**Supplied data**
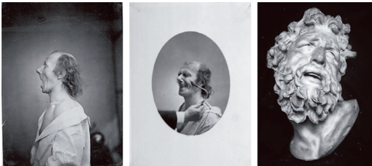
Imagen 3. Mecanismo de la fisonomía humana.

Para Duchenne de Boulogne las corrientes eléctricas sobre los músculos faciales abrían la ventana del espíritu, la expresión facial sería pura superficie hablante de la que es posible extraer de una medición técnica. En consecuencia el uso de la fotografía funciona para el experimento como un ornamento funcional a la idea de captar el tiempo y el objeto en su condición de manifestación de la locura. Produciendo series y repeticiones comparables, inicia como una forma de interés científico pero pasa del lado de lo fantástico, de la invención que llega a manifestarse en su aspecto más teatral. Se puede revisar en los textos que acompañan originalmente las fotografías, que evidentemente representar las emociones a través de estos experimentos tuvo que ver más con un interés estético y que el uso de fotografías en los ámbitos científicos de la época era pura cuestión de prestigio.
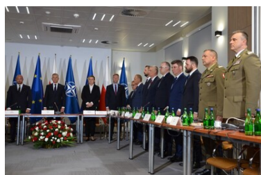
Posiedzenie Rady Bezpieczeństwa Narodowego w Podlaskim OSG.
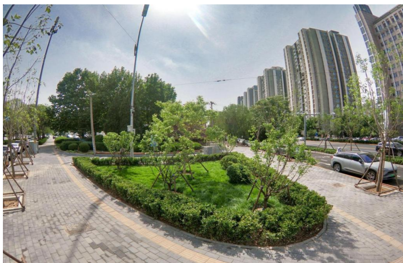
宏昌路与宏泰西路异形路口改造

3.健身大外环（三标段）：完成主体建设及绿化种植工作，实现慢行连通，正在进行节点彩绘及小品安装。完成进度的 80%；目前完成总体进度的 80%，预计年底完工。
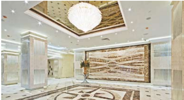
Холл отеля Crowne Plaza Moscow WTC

**Instructions for the task**
What you write must match, line for line, the records from the line containing "宏昌路与宏泰西路异形路口改造" through the last line, with every picture left out.

**Written response**
宏昌路与宏泰西路异形路口改造

3.健身大外环（三标段）：完成主体建设及绿化种植工作，实现慢行连通，正在进行节点彩绘及小品安装。完成进度的 80%；目前完成总体进度的 80%，预计年底完工。
Холл отеля Crowne Plaza Moscow WTC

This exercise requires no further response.